Records from a dataset
::::

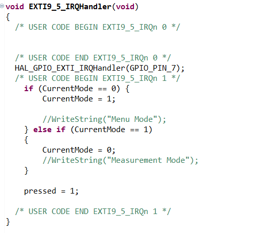 在CubeMX中启用GPIO中断时,代码生成器将在适当的IRQ处理函数中添加一行。启用多个中断时,生成的代码如下所示(注释已删除):
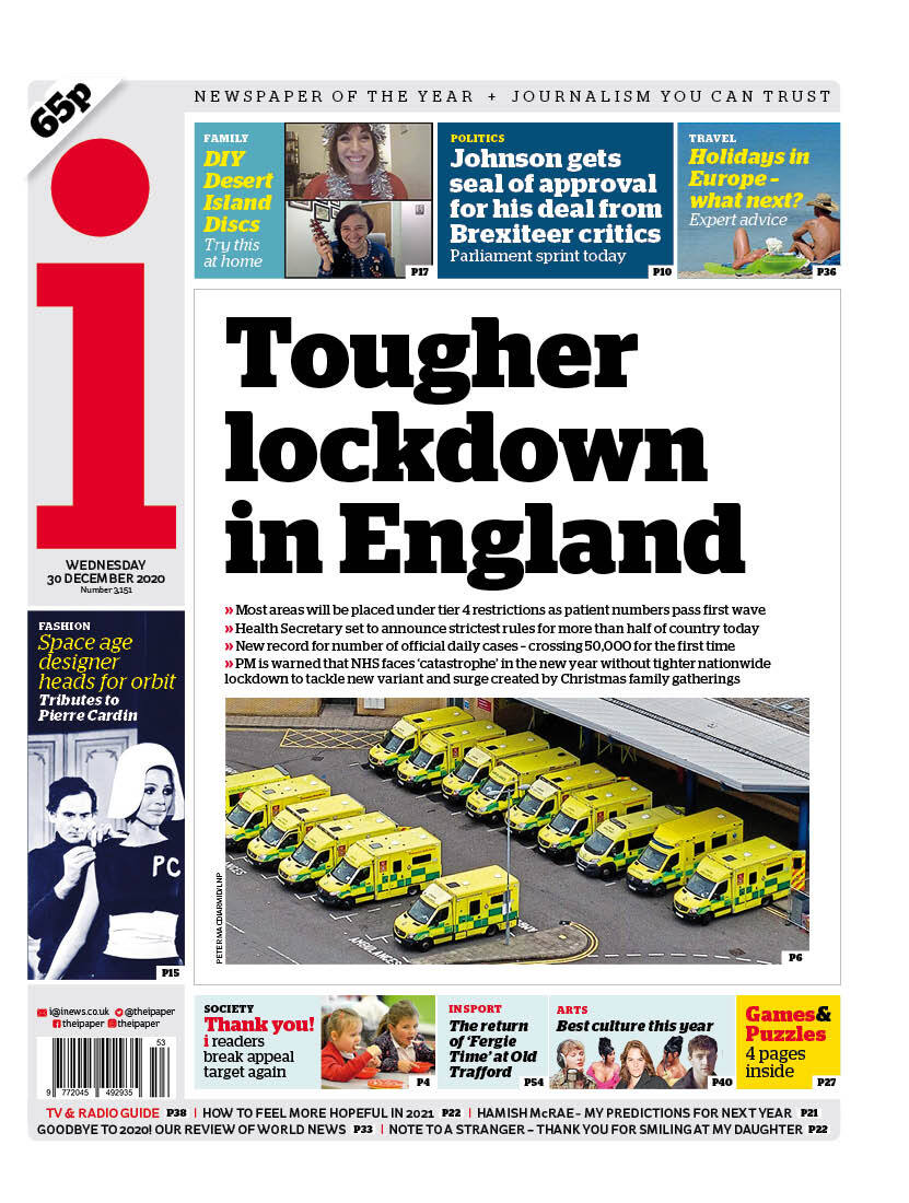 The Independent says new figures from the NHS show there are now more COVID-19 patients in hospitals in England than during the peak of the first wave in April.Read more on this story here.
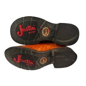 Justin Women’s Ostrich Print Western Cowboy Boots - Red/Cognac (Size 7B)
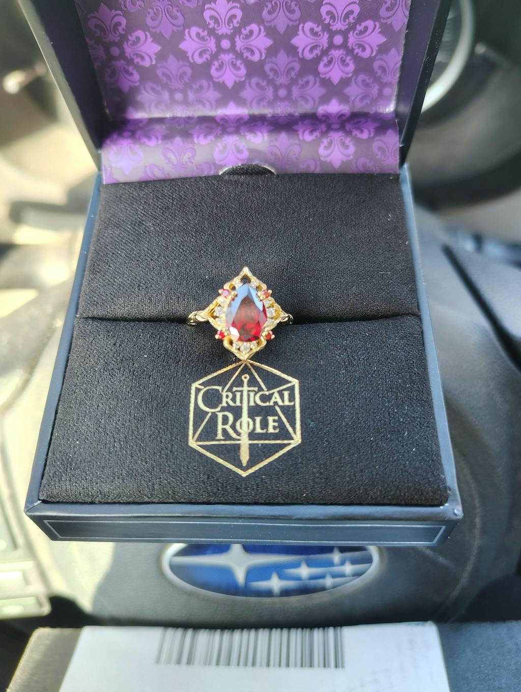 This piece of Critical Role X RockLove jewelry arrives in a sleek black RockLove jewelry box lined with our signature purple damask interior. The box is wrapped by a black printed sleeve, accented with gold metallic Critical Role branding. Inside, the piece rests on a soft black flocked insert, silkscreened with additional Critical Role artwork, and includes a premium RockLove travel pouch for safekeeping.
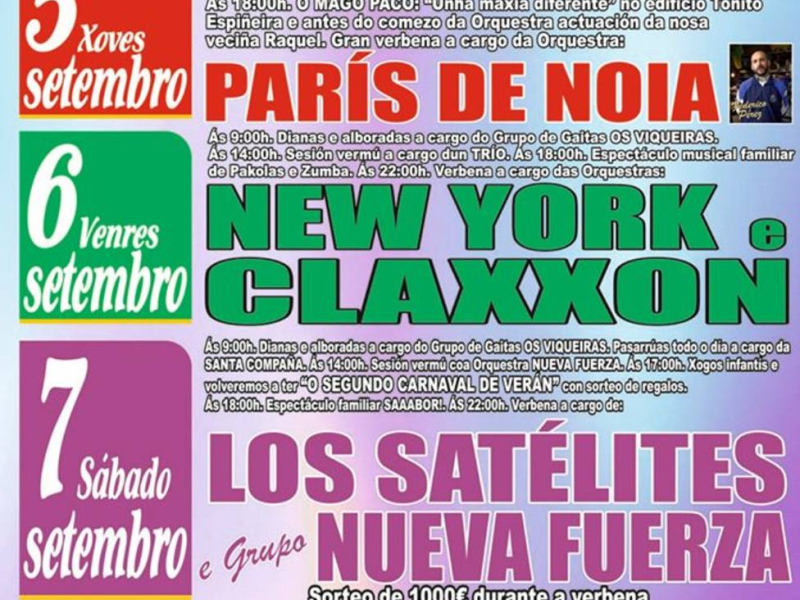 Buena comida, pero también buena música. Están previstas varias actuaciones de música y baile a cargo de las siguientes agrupaciones: Banda de Gaitas Ferreñas de Vilarmaior, AFC Orballo (Pontedeume), Asociación Cultural "Pandereteiras Ardevento" y Grupo Baile "O Rueiro" de Tabeaio. La fiesta da el pistoletazo de salida a las fiestas de la Virgen del Socorro de Carral. Aquí puedes ver el programa de fiestas que incluye como colofón este jueves a la orquesta París de Noia
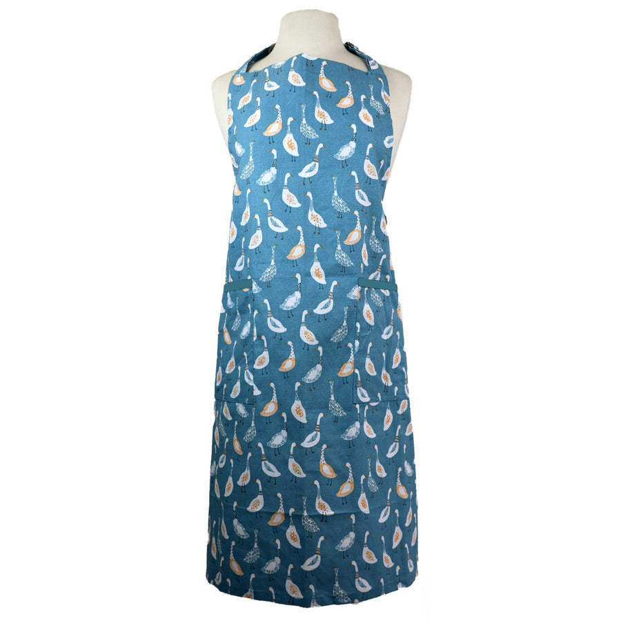Adult full-length apron made from organic cotton. Printed with various leaves, foliage and dragonflies, the kitchen accessory features a double pocket and adjustable neck strap

::::

_Task item:_ Each line above has to be returned exactly. Drop the pictures.

_Task answer:_
 在CubeMX中启用GPIO中断时,代码生成器将在适当的IRQ处理函数中添加一行。启用多个中断时,生成的代码如下所示(注释已删除):
 The Independent says new figures from the NHS show there are now more COVID-19 patients in hospitals in England than during the peak of the first wave in April.Read more on this story here.
 Justin Women’s Ostrich Print Western Cowboy Boots - Red/Cognac (Size 7B)
 This piece of Critical Role X RockLove jewelry arrives in a sleek black RockLove jewelry box lined with our signature purple damask interior. The box is wrapped by a black printed sleeve, accented with gold metallic Critical Role branding. Inside, the piece rests on a soft black flocked insert, silkscreened with additional Critical Role artwork, and includes a premium RockLove travel pouch for safekeeping.
 Buena comida, pero también buena música. Están previstas varias actuaciones de música y baile a cargo de las siguientes agrupaciones: Banda de Gaitas Ferreñas de Vilarmaior, AFC Orballo (Pontedeume), Asociación Cultural "Pandereteiras Ardevento" y Grupo Baile "O Rueiro" de Tabeaio. La fiesta da el pistoletazo de salida a las fiestas de la Virgen del Socorro de Carral. Aquí puedes ver el programa de fiestas que incluye como colofón este jueves a la orquesta París de Noia
Adult full-length apron made from organic cotton. Printed with various leaves, foliage and dragonflies, the kitchen accessory features a double pocket and adjustable neck strap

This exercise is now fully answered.